Chevauchée en pays masaï
Le Kenya à cheval, octobre 1976. Le récit d'Anne Mariage nous emmène en terres africaines au cœur des traditions masaï et de la faune sauvage... D'origine anglaise et naturalisé kenyan, Tony Church est celui qui l'accompagne à travers ces terres arides.
Kenya à cheval, terre de vie sauvage
Les prémices d'une randonnée équestre exceptionnelle
Les
chevaux nous attendent sur
l'autre versant du Rift, près du Uaso Nyiro, où un vaste campement de
tentes couleurs lichen est installé sous des acacias parasols. Nos
montures, Watamu, Kipsigi, Tuga, Selou, Nanyuki… sont des “arabes-somalis” pour
la plupart.
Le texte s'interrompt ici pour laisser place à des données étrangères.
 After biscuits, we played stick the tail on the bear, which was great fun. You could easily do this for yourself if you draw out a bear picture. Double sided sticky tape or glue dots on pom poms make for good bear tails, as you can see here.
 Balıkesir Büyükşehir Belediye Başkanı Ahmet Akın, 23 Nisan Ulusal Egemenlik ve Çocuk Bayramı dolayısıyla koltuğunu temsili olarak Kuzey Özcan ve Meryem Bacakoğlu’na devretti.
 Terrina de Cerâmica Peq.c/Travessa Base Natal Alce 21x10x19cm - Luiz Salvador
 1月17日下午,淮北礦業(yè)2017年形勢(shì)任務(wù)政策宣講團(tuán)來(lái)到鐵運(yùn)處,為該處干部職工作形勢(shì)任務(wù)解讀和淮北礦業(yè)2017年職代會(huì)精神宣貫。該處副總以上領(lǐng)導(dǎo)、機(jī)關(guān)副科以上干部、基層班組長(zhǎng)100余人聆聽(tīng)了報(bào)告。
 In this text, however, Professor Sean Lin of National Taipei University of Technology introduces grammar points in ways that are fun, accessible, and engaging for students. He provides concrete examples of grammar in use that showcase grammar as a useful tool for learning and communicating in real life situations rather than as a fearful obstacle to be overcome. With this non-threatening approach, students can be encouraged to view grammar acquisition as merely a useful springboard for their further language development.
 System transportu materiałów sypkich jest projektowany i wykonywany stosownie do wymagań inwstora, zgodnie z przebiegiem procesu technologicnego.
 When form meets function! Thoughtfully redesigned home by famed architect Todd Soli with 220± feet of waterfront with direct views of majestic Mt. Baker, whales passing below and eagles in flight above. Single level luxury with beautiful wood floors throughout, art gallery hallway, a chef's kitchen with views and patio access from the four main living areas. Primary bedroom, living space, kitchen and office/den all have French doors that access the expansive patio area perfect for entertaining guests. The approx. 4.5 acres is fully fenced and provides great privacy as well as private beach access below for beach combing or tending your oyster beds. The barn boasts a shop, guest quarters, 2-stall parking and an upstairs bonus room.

Ils sont en état, robustes et ont de bons aplombs. Quelques
pur-sang anglais, des chevaux de polo destinés aux plus grands gabarits,
complètent la cavalerie. Les
chevaux ont été introduits au Kenya par les premiers explorateurs, puis les
fermiers britanniques ayant combattu en Éthiopie pendant la Seconde Guerre
mondiale. Croisés de sang sud-africain, ils se sont répandus dans toutes les
fermes des hauts-plateaux et se sont habitués à la présence d’animaux sauvages.
Dès la fin de l’après-midi nous sommes en selle,
très excités et ravis du pas décidé qu’adoptent nos montures. Tony m’a attribué
Bunduki, un hongre alezan, plutôt petit et débordant d’énergie. Tout de suite,
c’est l’entente parfaite et, pendant longtemps, à chaque retour au Kenya, le
généreux Bunduki fera partie des rendez-vous que je ne voudrais pas manquer.
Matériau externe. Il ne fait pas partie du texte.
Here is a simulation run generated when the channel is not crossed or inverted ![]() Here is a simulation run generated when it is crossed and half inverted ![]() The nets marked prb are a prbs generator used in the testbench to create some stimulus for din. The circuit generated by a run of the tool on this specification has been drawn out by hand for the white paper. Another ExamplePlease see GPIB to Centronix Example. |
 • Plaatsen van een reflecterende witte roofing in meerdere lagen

Le feuillage léger des acacias parasols tamise
la lumière, les eaux sont très basses en cette fin de saison sèche. De
minuscules antilopes, trente centimètres tout au plus, les diks-diks,
jaillissent des fourrés et bondissent comme des balles de ping-pong vers un
autre refuge. A chaque randonnée équestre, nous rencontrons un festival d'animaux, tous aussi nombreux et différentes les uns des autres.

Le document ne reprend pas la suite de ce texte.